§ **What you should do**
Starting with the line that holds "Wendel is the" and stopping after the line that holds "Gorden Motif Lotso", repeat the lines below word for word, without the pictures.

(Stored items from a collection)
----------------------------------------

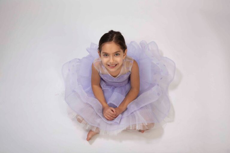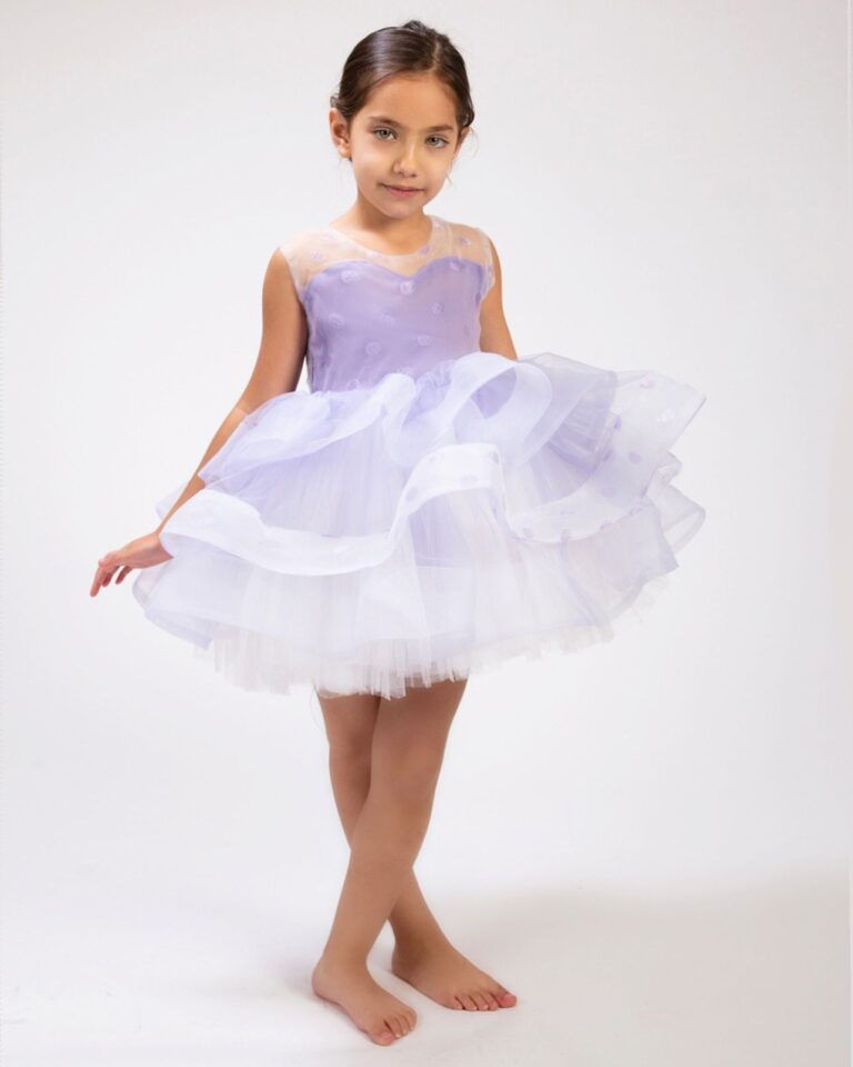 - This beautiful and dreamy number is made from layers of white and lilac tulle.
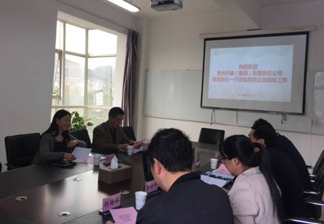 本网讯 (卢源源)3月14日下午,贵州开磷(集团)有限责任公司培训中心陈雪部长一行,到贵州理工学院继续教育学院,洽谈开磷集团职工学历提升、培训学习事宜。座谈会由贵州理工学院继续教育学院院长李辅敏教授主持,贵州理工学院继续教育学院副院长肖利平及贵州理工学院继续教育学院相关同志参加了座谈会。
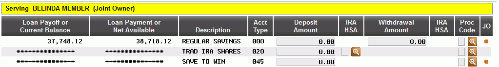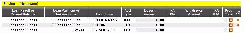 If you use Currently Serving and the person you are assisting is a joint owner or additional signer on the account, then on the Main Teller Posting screen a yellow bar will appear above the sub account listing indicating that you are serving a member other than the primary member:
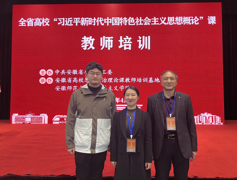 3月31日-4月3日,由安徽省委教育工委主办、安徽师范大学承办的2023安徽省高校“习近平新时代中国特色社会主义思想概论“课教师培训在芜湖顺利举办。根据工作安排,马克思主义学院教师孙玉清、杨瑞铭,任课教师黄晶莹参加了此次培训。
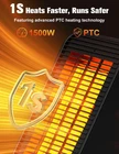 【1-Second Fast Heat with PTC Technology】space heaters for indoor use are equipped with a powerful 1500W output, this electric heater delivers quick warmth to your space. Utilizing advanced PTC ceramic technology ensures a rapid increase in temperature while maintaining safety. The PTC heating elements heat up quickly and reach a stable temperature, providing consistent warmth without overheating, making the space heater large room ideal for chilly mornings or cold evenings. 【2 Heating Levels & Fan Mode】This small heater offers heating modes and fan modes. Whether you need quick heating on a cold day or a refreshing breeze during warmer months, the heaters for indoor use large room provides flexible control. The LOW setting (900W) conserves energy for gentle warming, while the High setting(1500W) delivers robust heat. Fan mode can provide powerful air circulation. Ideal for year-round use, this feature makes the heater perfect for any season or climate condition. 【Panel Control & Remote Control for Easy Control】Not only panel controls for easy adjustments, this portable heaters for indoor use also comes with a remote control for added convenience. Whether you want to change the temperature or switch between heating and fan modes, the remote control puts all these functions at your fingertips, making operation simple and hassle-free. The clear display on the panel shows current settings, ensuring you always know the status of the heater for large room. 【70°Wide Oscillation Covers 200sq.ft】Equipped with a 70-degree oscillation feature, this space heater for office effectively distributes warm air evenly across a generous area of up to 220 square feet. The oscillation allows the heater to sweep from side to side, ensuring that every corner of the room receives consistent warmth. Perfect for open-plan living spaces, offices, or bedrooms, this space heaters for indoor use ensures that warmth is localized and spread evenly around the environment. 【Double Safety Designs】This electric heater has tip-over and overheat protection with automatic shut-off capabilities. The tip-over protection ensures that the heater will automatically turn off if it gets knocked over by children or pets, preventing potential accidents. Additionally, the overheat protection feature monitors the internal temperature and automatically shuts the portable heaters for indoor use down if it detects that the unit has become too hot.
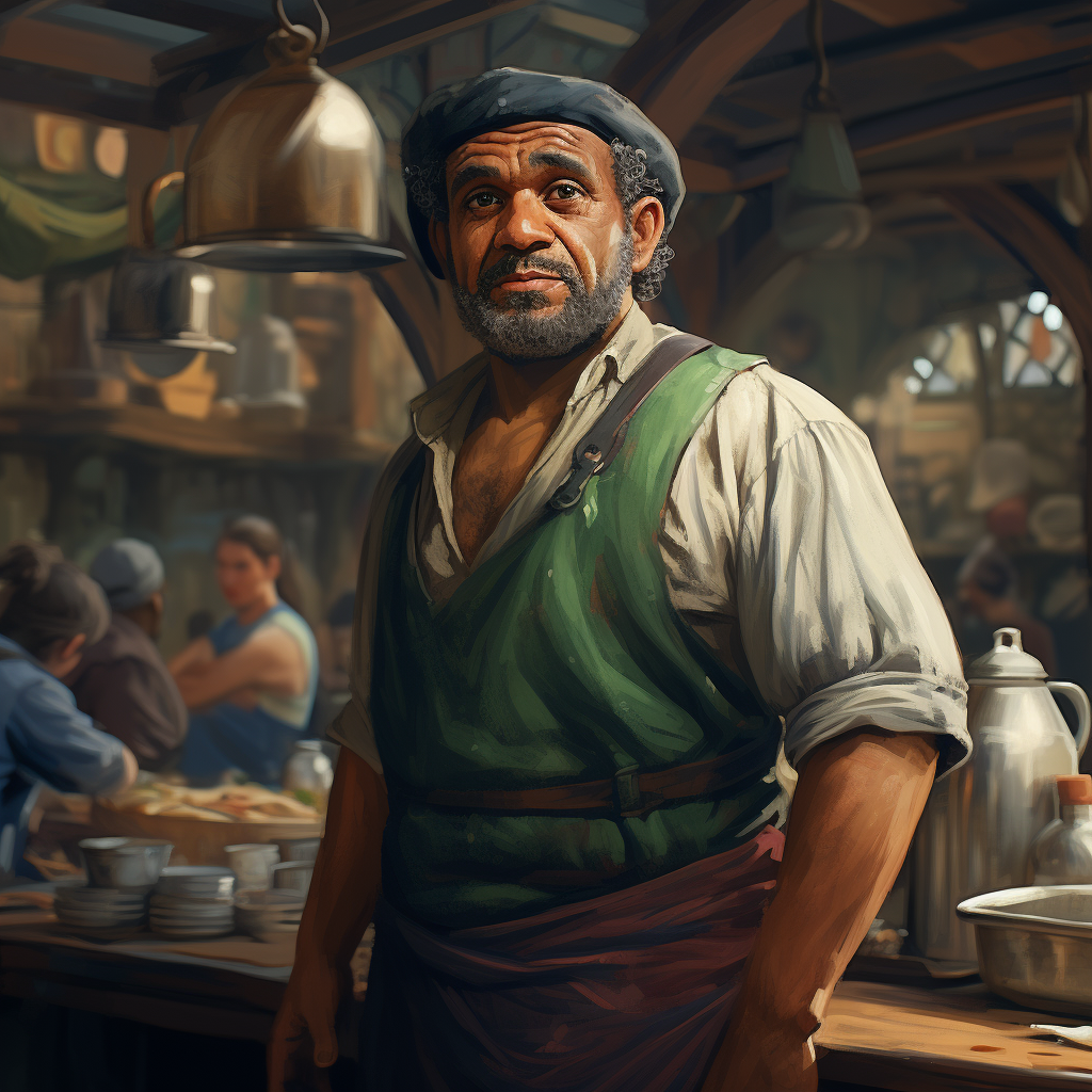 Wendel is the long-time proprietor of The Windward Sail, a busy sailor’s tavern in Fiskurth. Known as a place for tales and stories - some true, many not - and a place for gossip, as well as a place to find a crew. Has a few dirty, cramped rooms stacked with “human sized” bunks, and some slightly more comfortable halfling rooms.
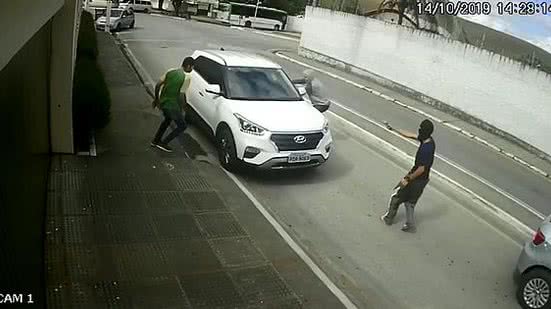 No vídeo, é possível ver que um veículo com ao menos quatro pessoas estaciona perto do local onde o crime ocorreria, e três descem. Um deles aponta a arma, e o carro com os familiares de Neno parte em velocidade.
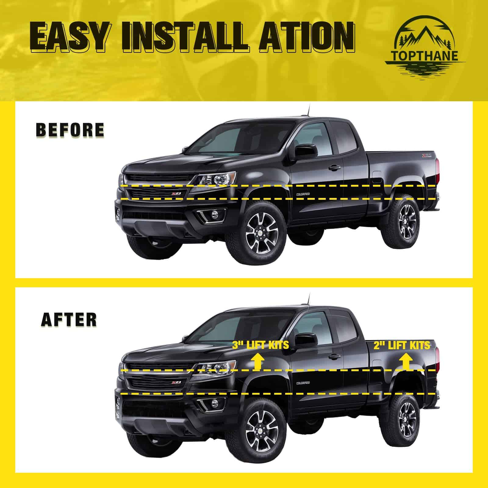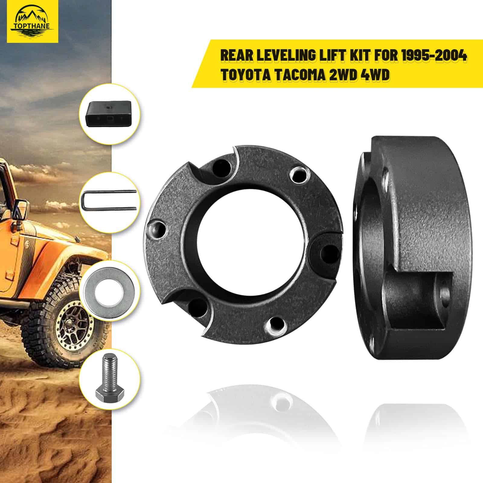 2. Ingeniería de Precisión para un Ajuste Perfecto: Diseñado específicamente para Toyota Tacomas 1995-2004, nuestro kit de elevación niveladora garantiza un ajuste perfecto tanto para configuraciones de 2WD como 4WD. Disfruta de una integración perfecta que coincide con las especificaciones únicas de tu vehículo.
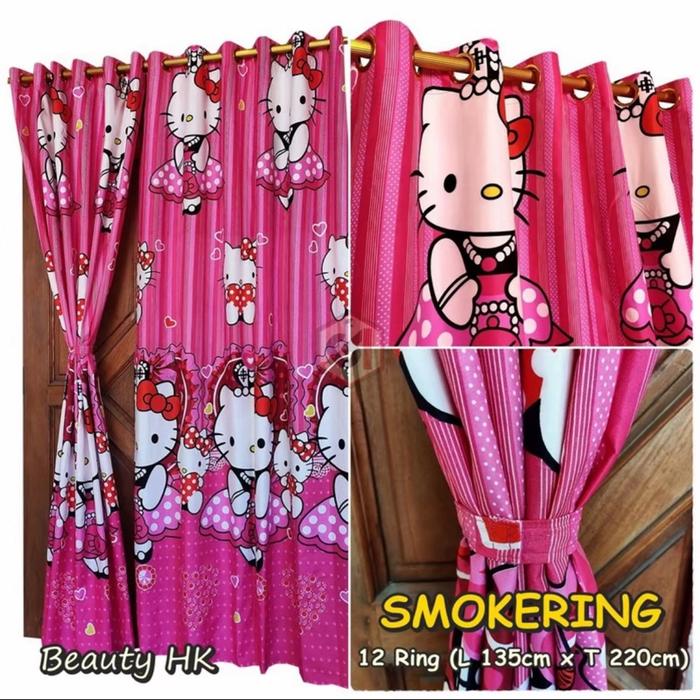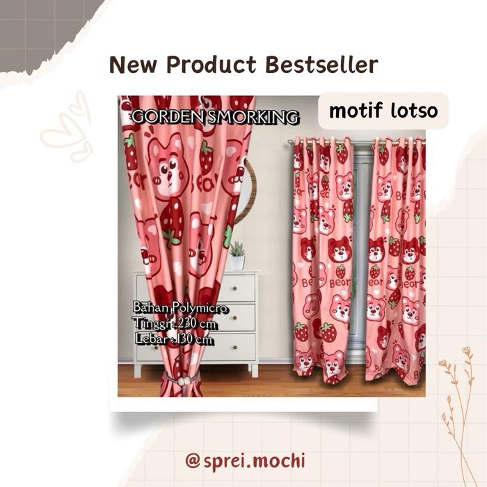 Gorden Motif Lotso Ukuran 135 X 220 Ring Katun Jendela - Pintu Minimalist Curtains - Mini Pink
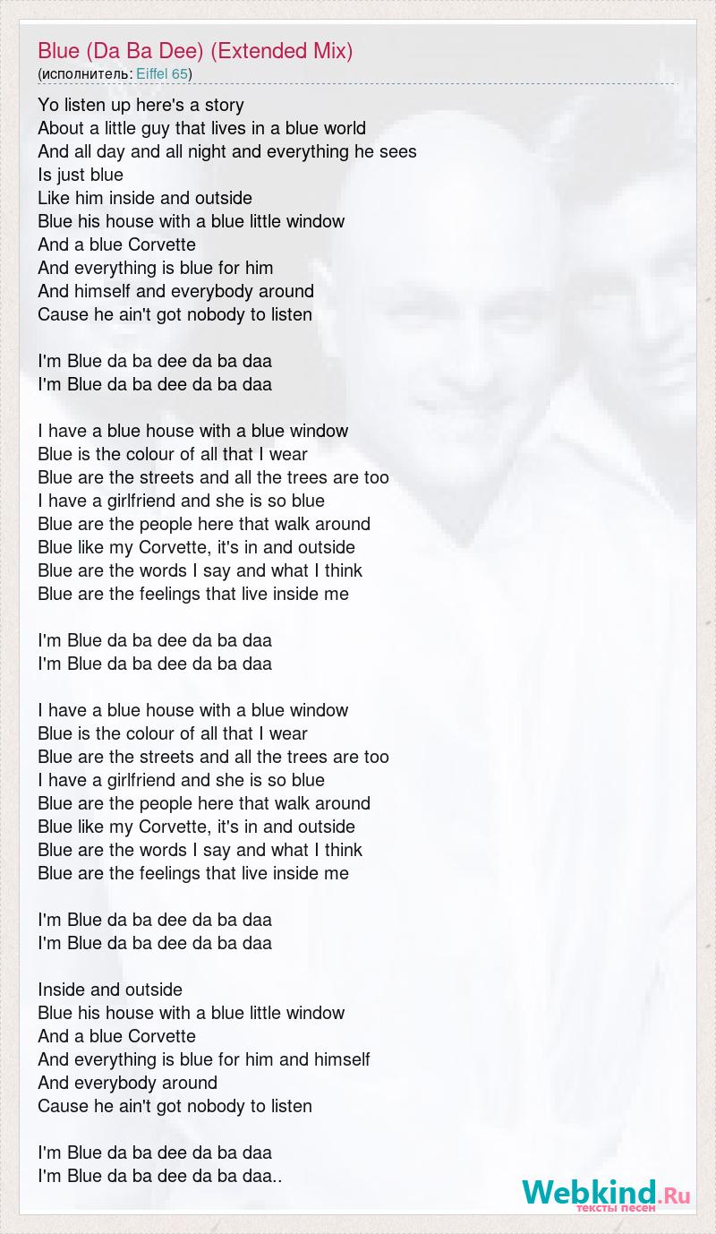 Yo listen up here's a story About a little guy that lives in a blue world And all day and all night and everything he sees Is just blue Like him inside and outside Blue his house with a blue little window And a blue Corvette And everything is blue for him And himself and everybody around Cause he ain't got nobody to listen I'm Blue da ba dee da ba daa I'm Blue da ba dee da ba daa I have a blue house with a blue window Blue is the colour of all that I wear Blue are the streets and all the trees are too I have a girlfriend and she is so blue Blue are the people here that walk around Blue like my Corvette, it's in and outside Blue are the words I say and what I think Blue are the feelings that live inside me I'm Blue da ba dee da ba daa I'm Blue da ba dee da ba daa I have a blue house with a blue window Blue is the colour of all that I wear Blue are the streets and all the trees are too I have a girlfriend and she is so blue Blue are the people here that walk around Blue like my Corvette, it's in and outside Blue are the words I say and what I think Blue are the feelings that live inside me I'm Blue da ba dee da ba daa I'm Blue da ba dee da ba daa Inside and outside Blue his house with a blue little window And a blue Corvette And everything is blue for him and himself And everybody around Cause he ain't got nobody to listen I'm Blue da ba dee da ba daa I'm Blue da ba dee da ba daa..
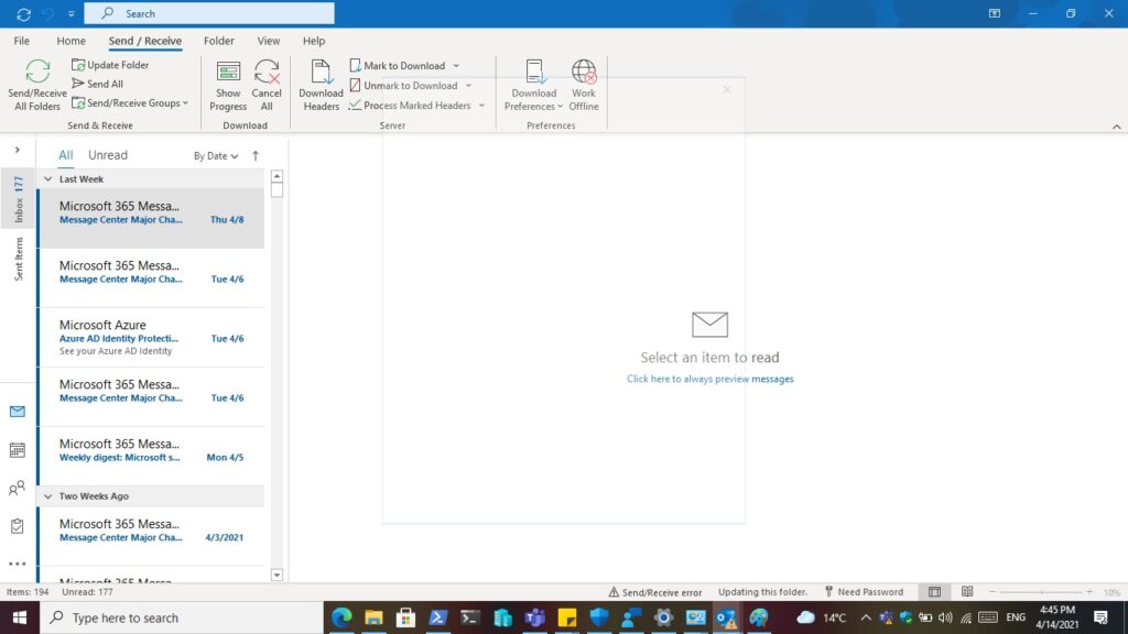 - Check out your Outlook client to perform “Update Folder” it may prompt a window for authentication.
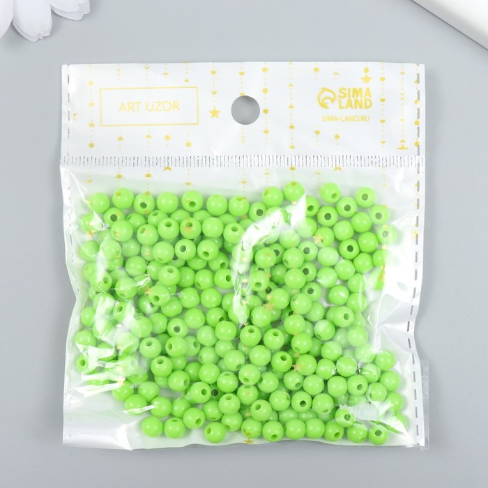 Бусины пластик «Лайм», глянец, набор 25 г, d=0.6 см
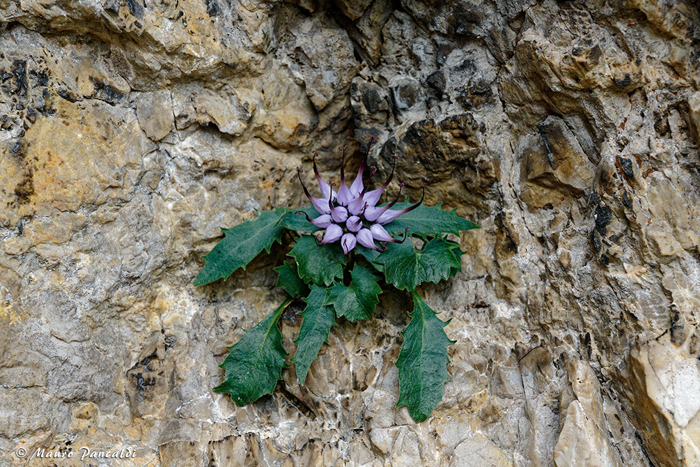 Sembra incredibile che dalla roccia possano sbocciare fiori tanto belli: Raponzolo di roccia o chiomoso (Physoplexis comosa L. Schur) al Sengio Alto.Sembra incredibile che dalla roccia possano sbocciare fiori tanto belli: Raponzolo di roccia o chiomoso (Physoplexis comosa L. Schur) al Sengio Alto.

----------------------------------------

§ **Answer space**
 Wendel is the long-time proprietor of The Windward Sail, a busy sailor’s tavern in Fiskurth. Known as a place for tales and stories - some true, many not - and a place for gossip, as well as a place to find a crew. Has a few dirty, cramped rooms stacked with “human sized” bunks, and some slightly more comfortable halfling rooms.
 No vídeo, é possível ver que um veículo com ao menos quatro pessoas estaciona perto do local onde o crime ocorreria, e três descem. Um deles aponta a arma, e o carro com os familiares de Neno parte em velocidade.
 2. Ingeniería de Precisión para un Ajuste Perfecto: Diseñado específicamente para Toyota Tacomas 1995-2004, nuestro kit de elevación niveladora garantiza un ajuste perfecto tanto para configuraciones de 2WD como 4WD. Disfruta de una integración perfecta que coincide con las especificaciones únicas de tu vehículo.
 Gorden Motif Lotso Ukuran 135 X 220 Ring Katun Jendela - Pintu Minimalist Curtains - Mini Pink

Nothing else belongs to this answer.